# [Battle-Box ROG]



## babouk100 (Mar 29, 2015)

Hello everyone. A new topic for a new project.
This time I'm going to work on an order. The work must be flawless.
Let's start with the presentation of the configuration I will torture.
















Case: Corsair Carbide 540 Air
MB: Asus Rog Z97 Formula VII
CPU: Intel i7-4790k
RAM: 4x4Go Corsair Dominator GT 2133MHz
GC: SLI Asus ROG GeForce GTX980 Matrix Platinum
PSU: Corsair HX850









Dual loop CM/CPU + CG
* WB CPU: EK Supremacy Acetal-Nickel
* WB GPU: Bitspower Matrix VG-NGTX980AM Acrylic
* Pumps: 2x XSPC D5 Vario
* Rads: EK Coolstream PE360 + EK Coolstream XTX240 
* Rés: 2x EK-RES X3 110
* Liquid: Mayhems Pastel White
* Fittings: EK HDC 10/12mm
* Tubing: Acrylic rigid 10/12mm


Some pics:



































































Work has already started.....


----------



## babouk100 (Mar 31, 2015)

We continue with the small DIY.
A bit of cutting, drilling, grind, painting, testing ...

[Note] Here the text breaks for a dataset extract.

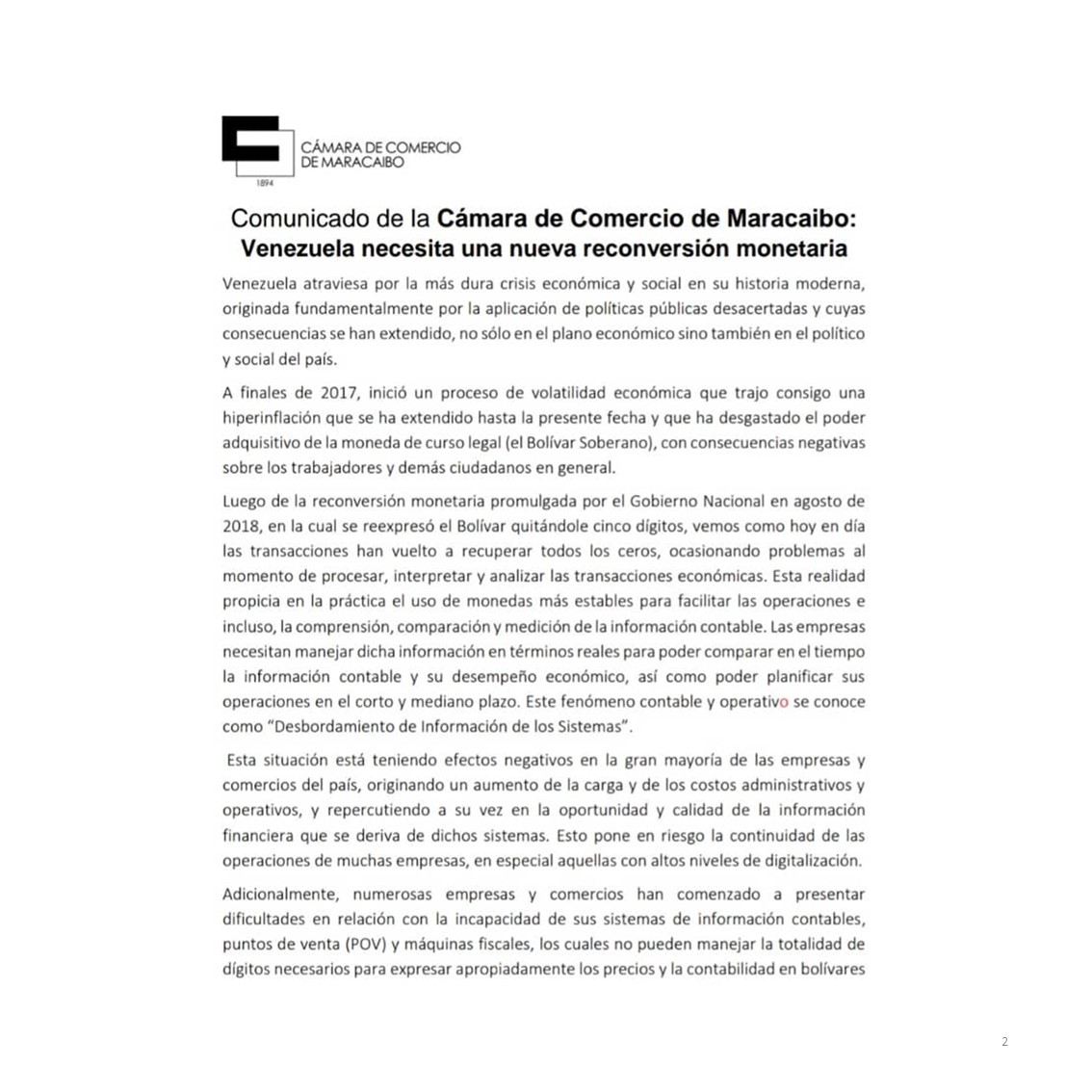 #ComunicadoOficial de la @CamaraMaracaibo 𝗩𝗲𝗻𝗲𝘇𝘂𝗲𝗹𝗮 𝗻𝗲𝗰𝗲𝘀𝗶𝘁𝗮 𝘂𝗻𝗮 𝗻𝘂𝗲𝘃𝗮 𝗿𝗲𝗰𝗼𝗻𝘃𝗲𝗿𝘀𝗶𝗼́𝗻 𝗺𝗼𝗻𝗲𝘁𝗮𝗿𝗶𝗮
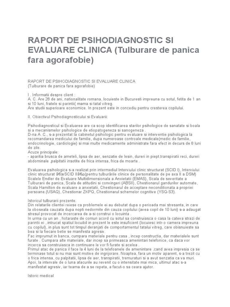 RAPORT DE PSIHODIAGNOSTIC SI EVALUARE CLINICA

To begin, a picture of one of the two pumps







Now DIY. To remain in the dominant white theme, and to cover the black background of the case, I made a white background which will be under the motherboard


















Then some paint work that are ready

















A small preview of rads in place into the case







to be continued...


----------



## babouk100 (Apr 2, 2015)

A few more pictures, with some positioning tests to better estimate the additional changes to make more and make sure that everything "will fit" well.


Placing pumps, the orientation of the tops will be adjusted for connection to tubes.


















On the opposite side, some positioning tests.
A support for the bottom reservoir will be done tomorrow.


----------



## babouk100 (Apr 10, 2015)

After a delay due to a shortage of parts, I'll be able to make the rigid tubing.
Meanwhile, I continued to work on the case.
To start, I made a support for the bottom reservoir






















Then I made a small change in the positioning of the pumps.
With the pumps in the bottom, and power into place, I had no where to pass the tubes.
So I moved the pumps up.

To keep them aligned and stabilized, so I made a "coupling" between the two pumps holders.






































next step, rigid tubing....


----------



## babouk100 (Apr 12, 2015)

While doing the rigid tubing, some pics of the motherboard...


----------



## d1nky (Apr 12, 2015)

subbed! got to be my favourite modder!


----------



## HammerON (Apr 13, 2015)

Sub'd as well. Look forward to great pics as you proceed


----------



## babouk100 (May 5, 2015)

Well, this time, it's over. Here are the pictures of the rest of the work and the final pics.
The setting up of rigid tubing was not easy because in this case, it must pass from one side to the other, while respecting the curves to join the different elements.























































































Final pics


----------



## HammerON (May 6, 2015)

Very nice


----------



## babouk100 (May 6, 2015)

Thanks. Still progress to do with rigid tubing curves. With 90° and 45° fittings it's more simple, but I don't like when it's to easy


----------